在 2025/2/19 18:40, Peter Zijlstra 写道:
On Tue, Feb 18, 2025 at 05:48:00PM +0100, Borislav Petkov wrote:
On Tue, Feb 18, 2025 at 03:15:35PM +0100, Peter Zijlstra wrote:
diff --git a/arch/x86/kernel/cpu/mce/severity.c b/arch/x86/kernel/cpu/mce/severity.c
index dac4d64dfb2a..cfdae25eacd7 100644
--- a/arch/x86/kernel/cpu/mce/severity.c
+++ b/arch/x86/kernel/cpu/mce/severity.c
@@ -301,18 +301,19 @@ static noinstr int error_context(struct mce *m, struct pt_regs *regs)
instrumentation_end();
switch (fixup_type) {
- case EX_TYPE_UACCESS:
- if (!copy_user)
- return IN_KERNEL;
- m->kflags |= MCE_IN_KERNEL_COPYIN;
- fallthrough;
-
case EX_TYPE_FAULT_MCE_SAFE:
case EX_TYPE_DEFAULT_MCE_SAFE:
m->kflags |= MCE_IN_KERNEL_RECOV;
return IN_KERNEL_RECOV;
default:
+ if (copy_user) {
As said on chat, if we can make is_copy_from_user() *always* correctly detect
user access, then sure but I'm afraid EX_TYPE_UACCESS being generated at the
handful places where we do user memory access is there for a reason as it
makes it pretty explicit.
Thing is, we have copy routines that do not know if its user or not.
is_copy_from_user() must be reliable.
Anyway, if you all really want to go all funny, try the below.
Someone has to go and stick some EX_FLAG_USER on things, but I just
really don't believe that's doing to be useful.

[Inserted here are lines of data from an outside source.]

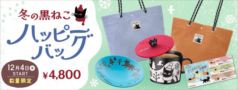 今年で4年目!テーマは「冬のカフェタイム」おうち時間も黒ねこと一緒に過ごせる豪華5点セット!
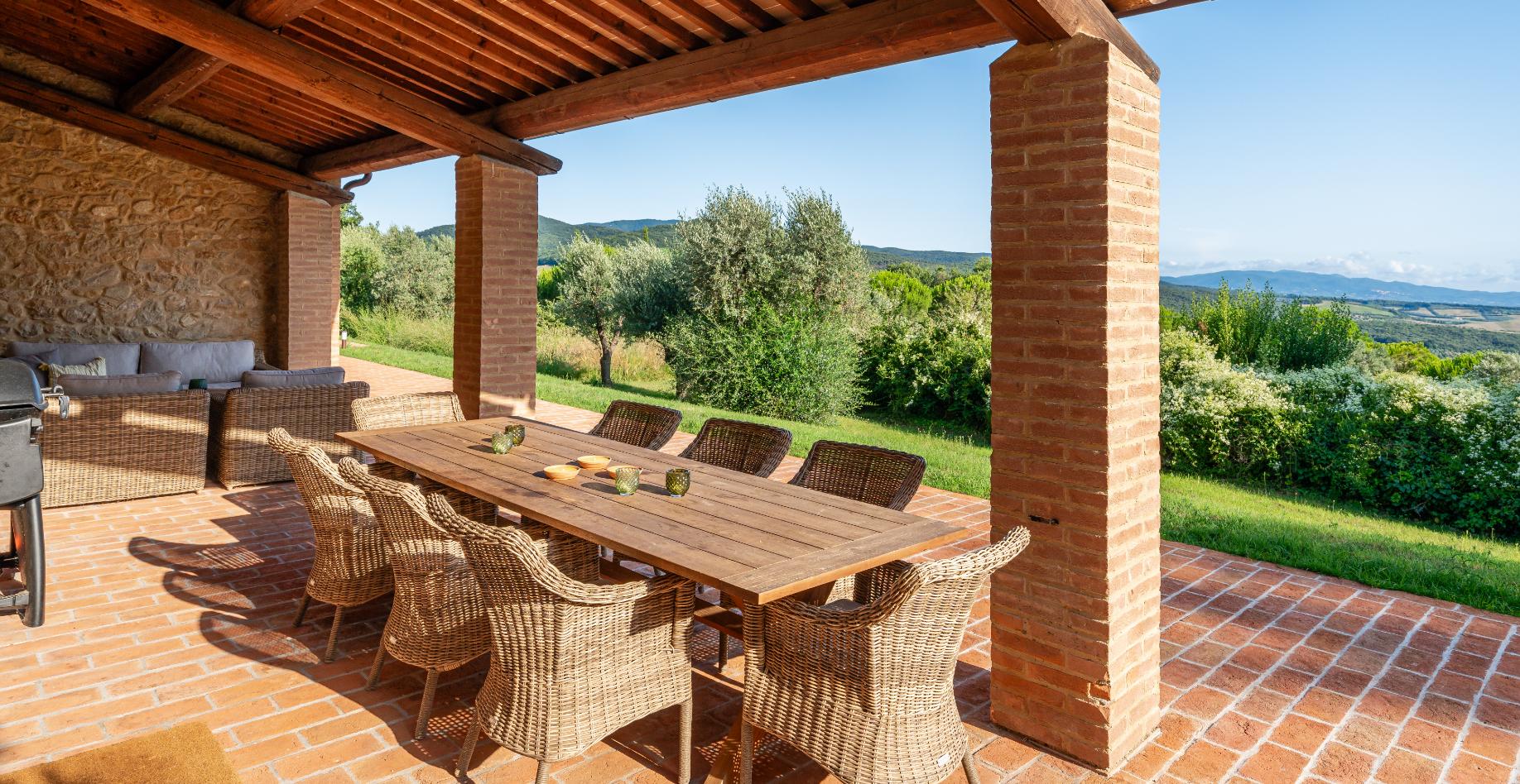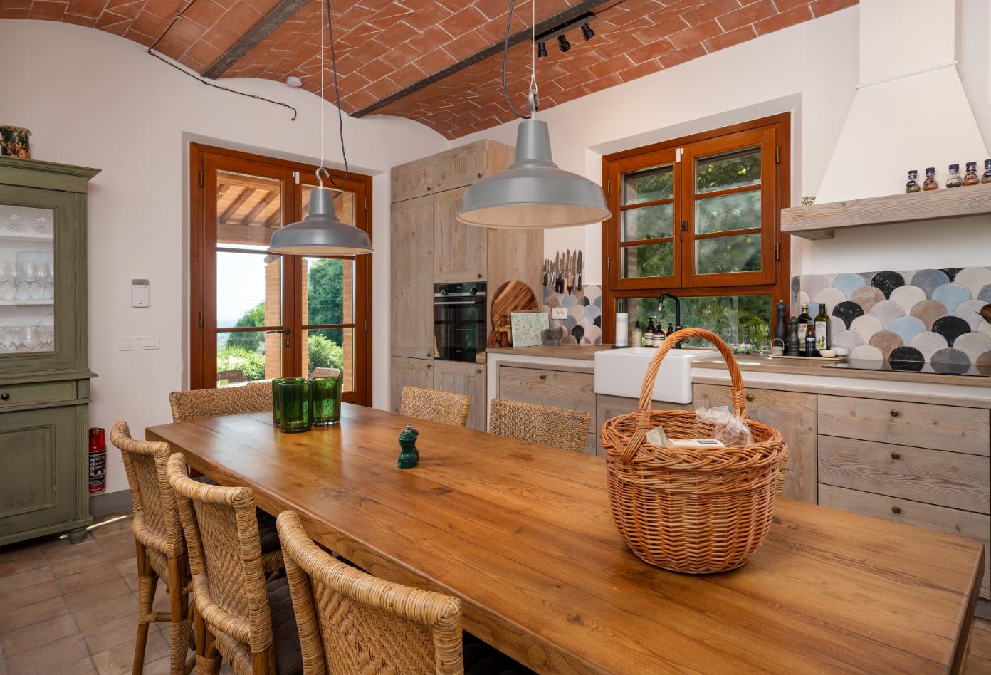 Fra landvillaen kan man på klare dage se helt ud til Middelhavet og øen Elba i horisonten – et sjældent syn, som gør opholdet her til noget helt særligt. At vågne op til dette panorama i de bløde bakker er en oplevelse i sig selv.
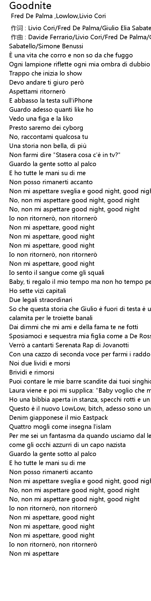 | [02:43.200] | Non mi aspettare sveglia e good night, good night |

Because while you're
doing that, you should also audit if is_copy_from_user() will catch it
and if it does, you don't need the tag.
See how much tags you end up with..
Agreed, I think the key point whether the error context is in a read from user
memory. We do not care about the ex-type if we know its a MOV
reading from userspace.
is_copy_from_user() return true when both of the following two checks are
true:
- the current instruction is copy
- source address is user memory
If copy_user is true, we set
m->kflags |= MCE_IN_KERNEL_COPYIN | MCE_IN_KERNEL_RECOV;
Then do_machine_check will try fixup_exception first.
/*
* Handle an MCE which has happened in kernel space but from
* which the kernel can recover: ex_has_fault_handler() has
* already verified that the rIP at which the error happened is
* a rIP from which the kernel can recover (by jumping to
* recovery code specified in _ASM_EXTABLE_FAULT()) and the
* corresponding exception handler which would do that is the
* proper one.
*/
if (m->kflags & MCE_IN_KERNEL_RECOV) {
if (!fixup_exception(regs, X86_TRAP_MC, 0, 0))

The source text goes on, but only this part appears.